> [Description of the task]
Reproduce the listing below in full and exactly; no pictures belong in the copy.

++++

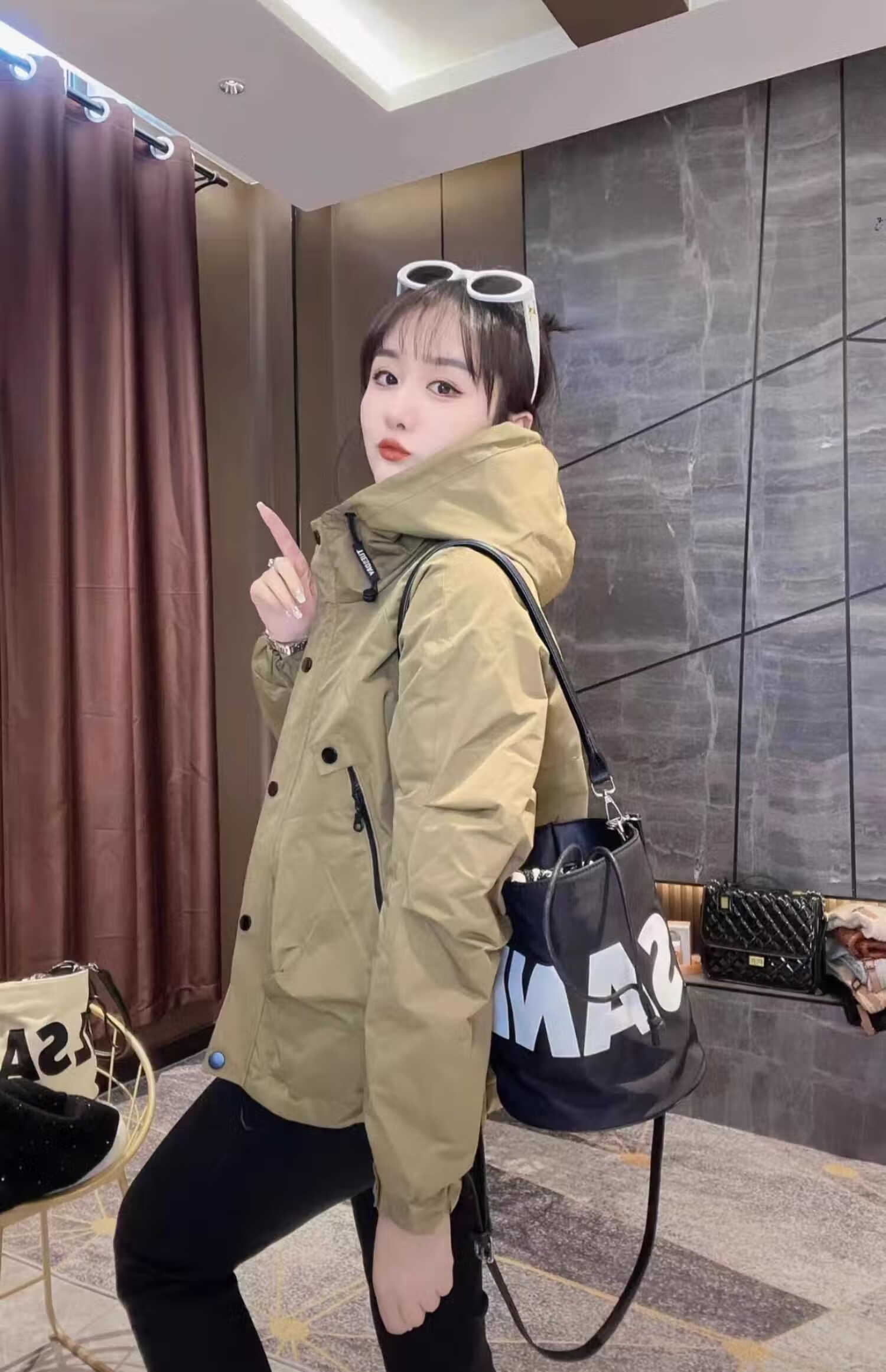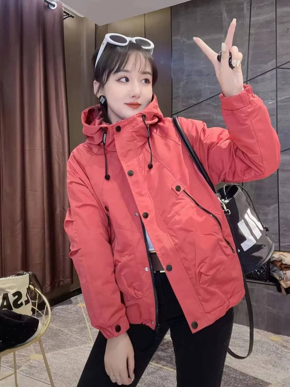 Semir Semir short coat for women in autumn and winter new popular quilted thickened fashionable jacket sports style jacket top Semir Khaki Green (Padding Style) Thickened
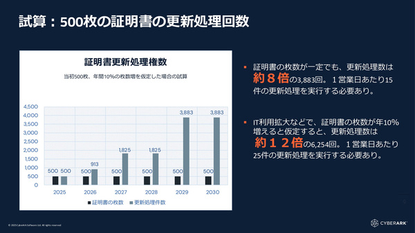 遠い将来の話ではなく、2026年3月には早くも有効期限が半減する。その後、段階的に最大47日にまで有効期限が短くなると、2029年には更新頻度は現状の約8倍になる(図2)。CyberArkは、「事業が成長してサーバー証明書の必要数が増えると、さらに更新回数は増える」(染谷氏)ことへの注意を促している。
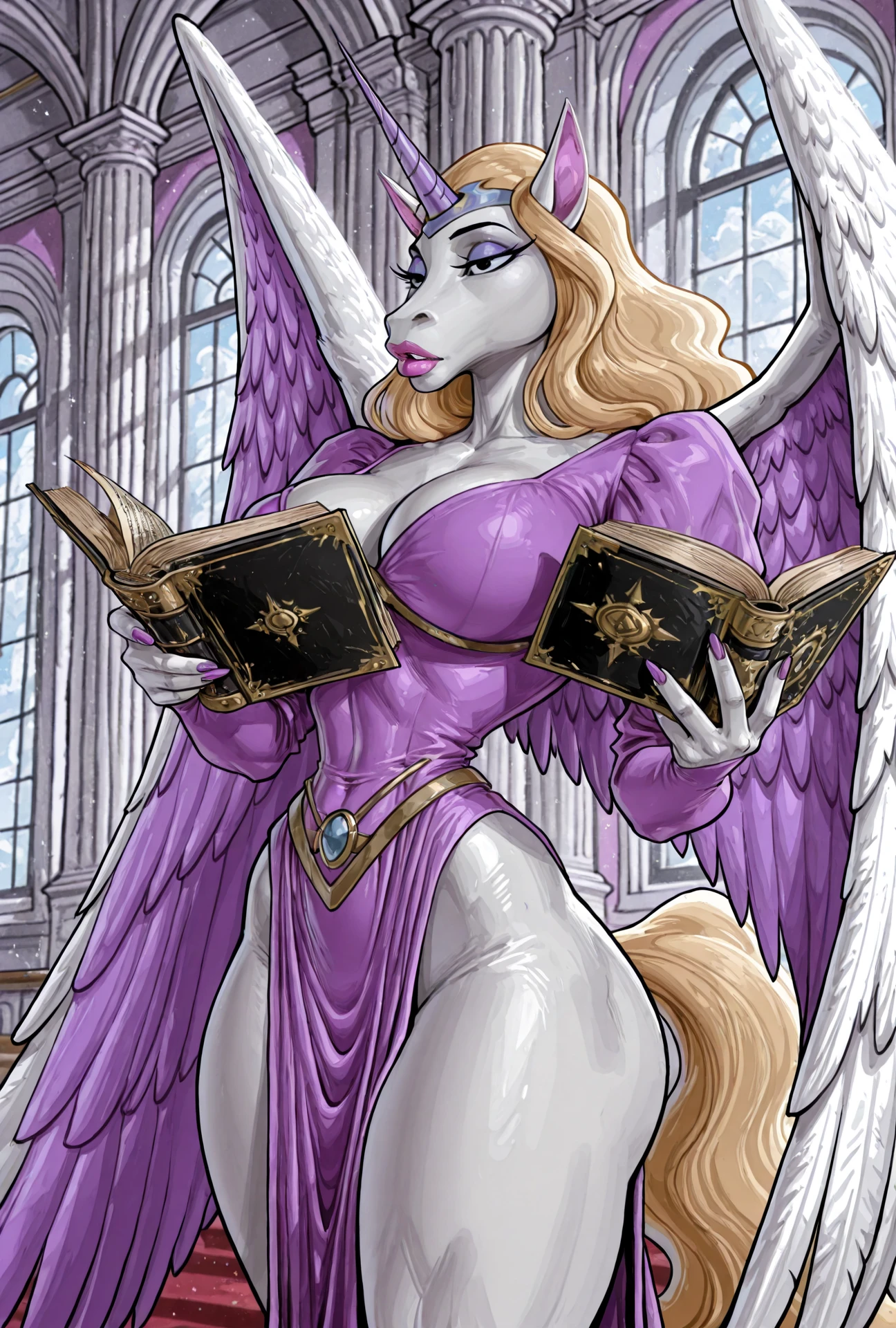 1girl, anthro unicorn, big breasts, curvy, feathered wings, single horn, pointy ears, blonde hair, blonde tail, black eyes,Optional:
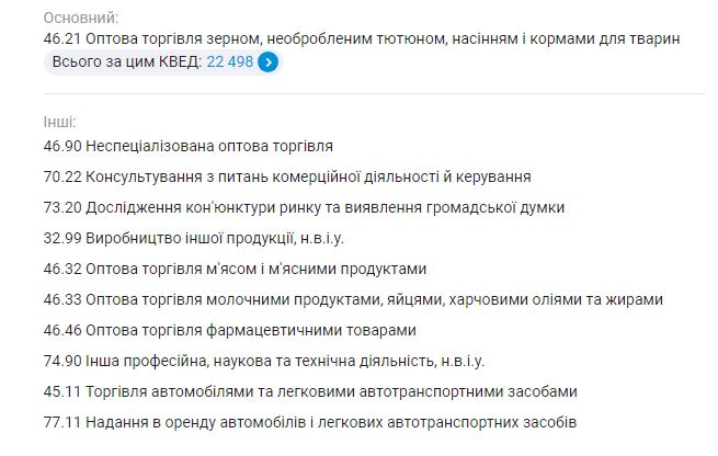 Цікаво, що надаючи лікарні обладнання в оренду фірма має головну спеціалізацію – оптова торгівля зерном, необробленим тютюном, насінням і кормами для тварин. Спектр її інших видів діяльності широкий – від оптової торгівлі м’ясом до дослідження кон’юнктури ринку.
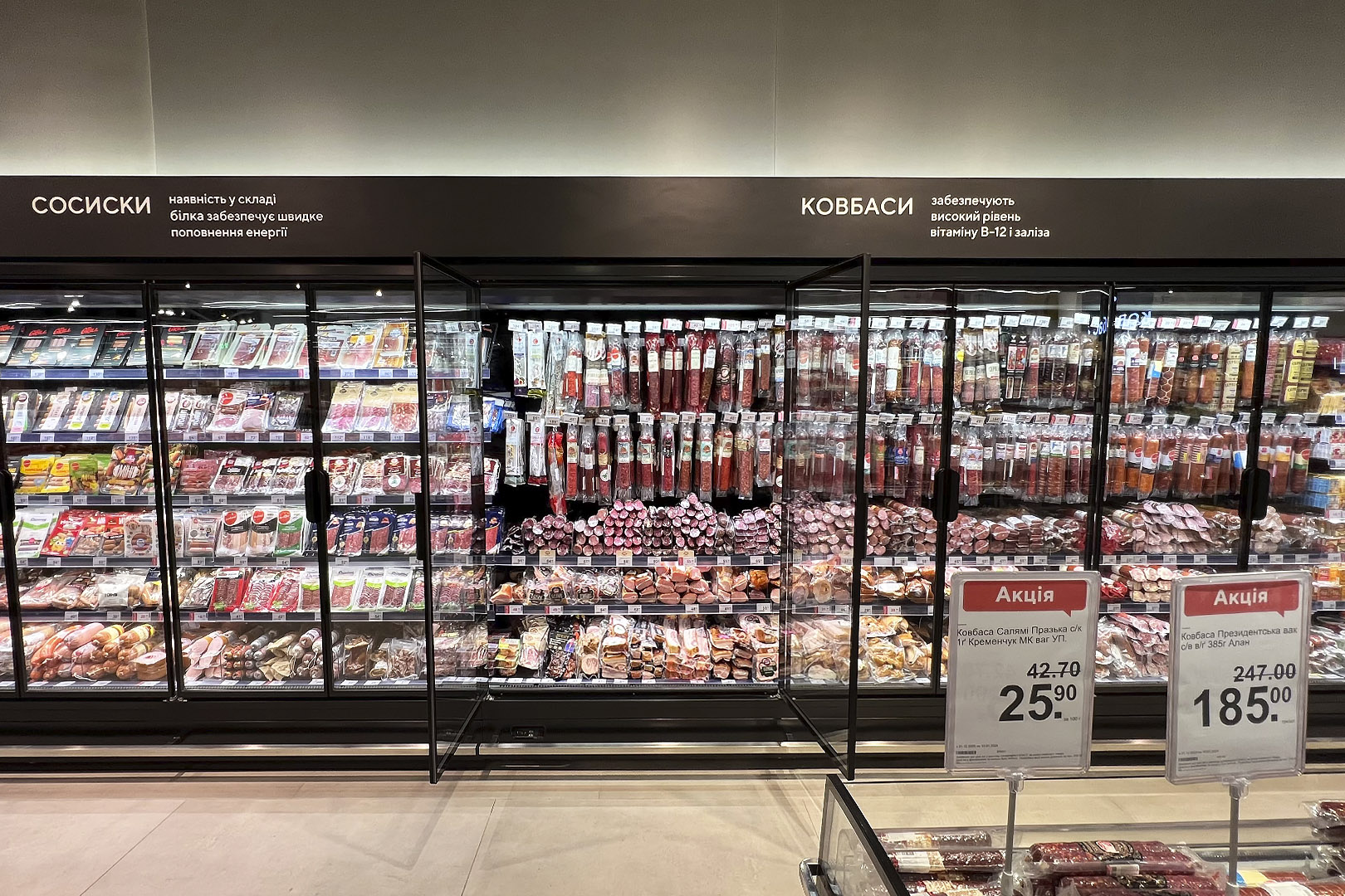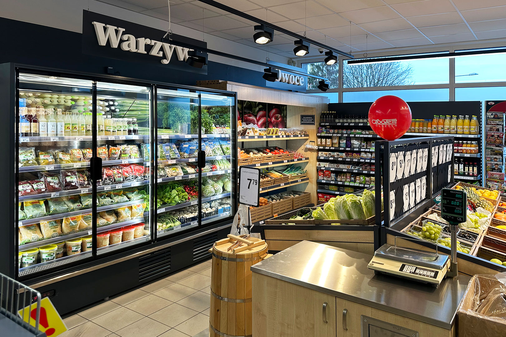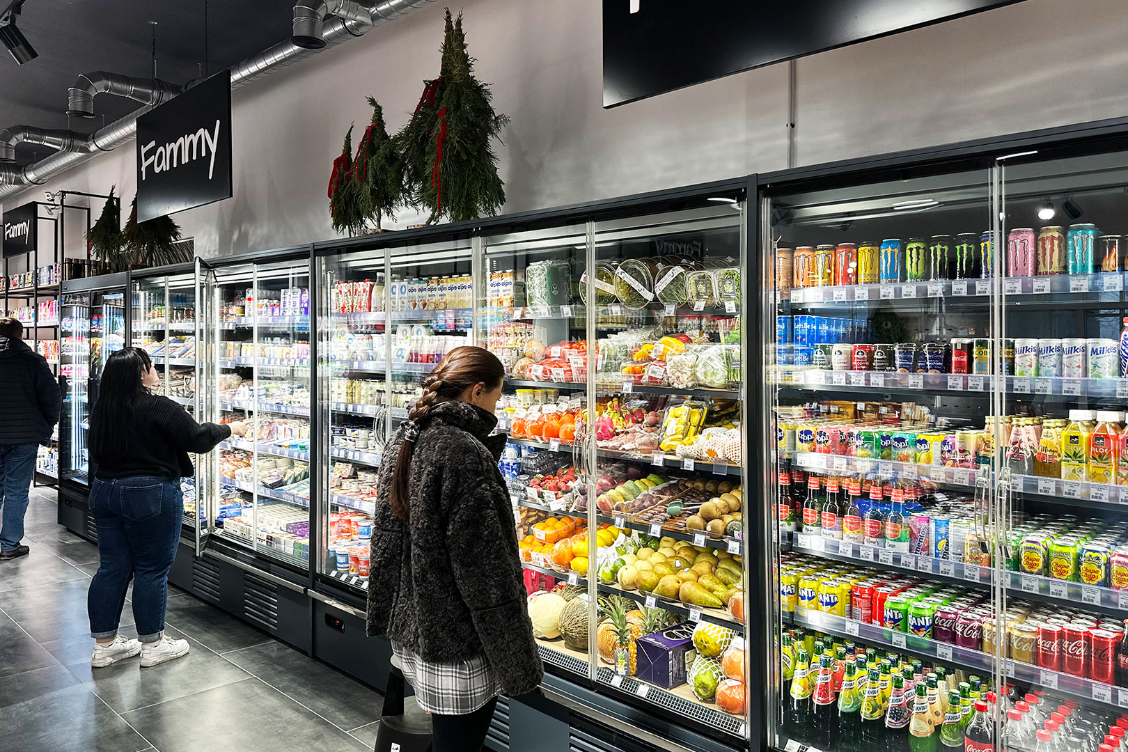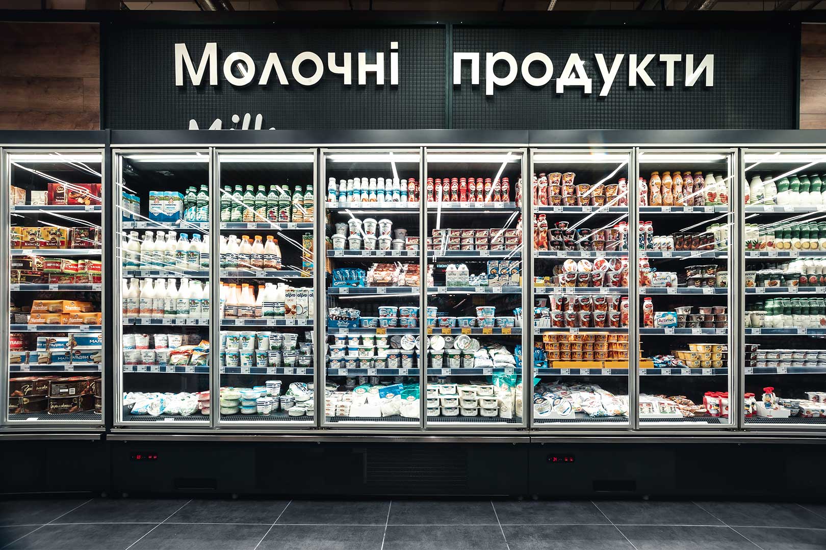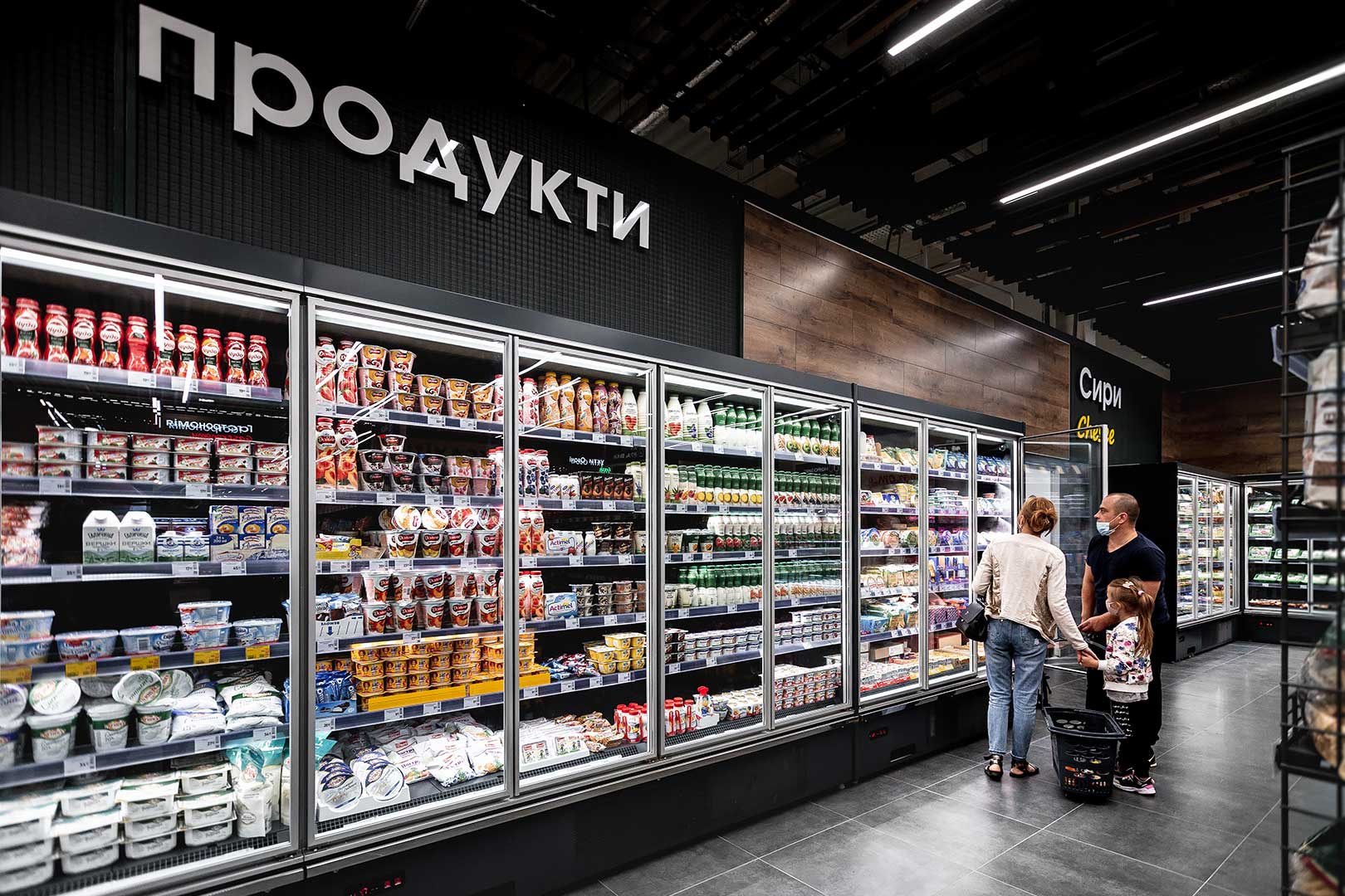 ארון קירור רב-שכבות עם דלתות חסכוניות באנרגיה, שמיועד לשימוש בחנויות מסוגים שונים.
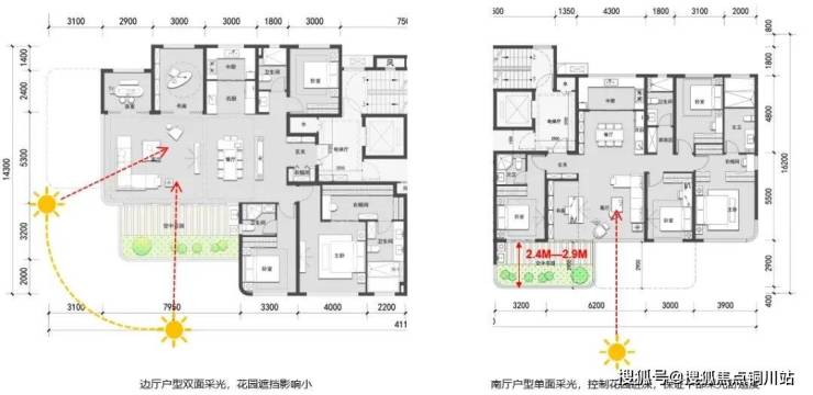 143平与171平南厅户型,主卧270度弧线落地窗。171平边厅户型,双边视野;191平户型,三边视野。

++++

> [Response below]
 Semir Semir short coat for women in autumn and winter new popular quilted thickened fashionable jacket sports style jacket top Semir Khaki Green (Padding Style) Thickened
 遠い将来の話ではなく、2026年3月には早くも有効期限が半減する。その後、段階的に最大47日にまで有効期限が短くなると、2029年には更新頻度は現状の約8倍になる(図2)。CyberArkは、「事業が成長してサーバー証明書の必要数が増えると、さらに更新回数は増える」(染谷氏)ことへの注意を促している。
 1girl, anthro unicorn, big breasts, curvy, feathered wings, single horn, pointy ears, blonde hair, blonde tail, black eyes,Optional:
 Цікаво, що надаючи лікарні обладнання в оренду фірма має головну спеціалізацію – оптова торгівля зерном, необробленим тютюном, насінням і кормами для тварин. Спектр її інших видів діяльності широкий – від оптової торгівлі м’ясом до дослідження кон’юнктури ринку.
 ארון קירור רב-שכבות עם דלתות חסכוניות באנרגיה, שמיועד לשימוש בחנויות מסוגים שונים.
 143平与171平南厅户型,主卧270度弧线落地窗。171平边厅户型,双边视野;191平户型,三边视野。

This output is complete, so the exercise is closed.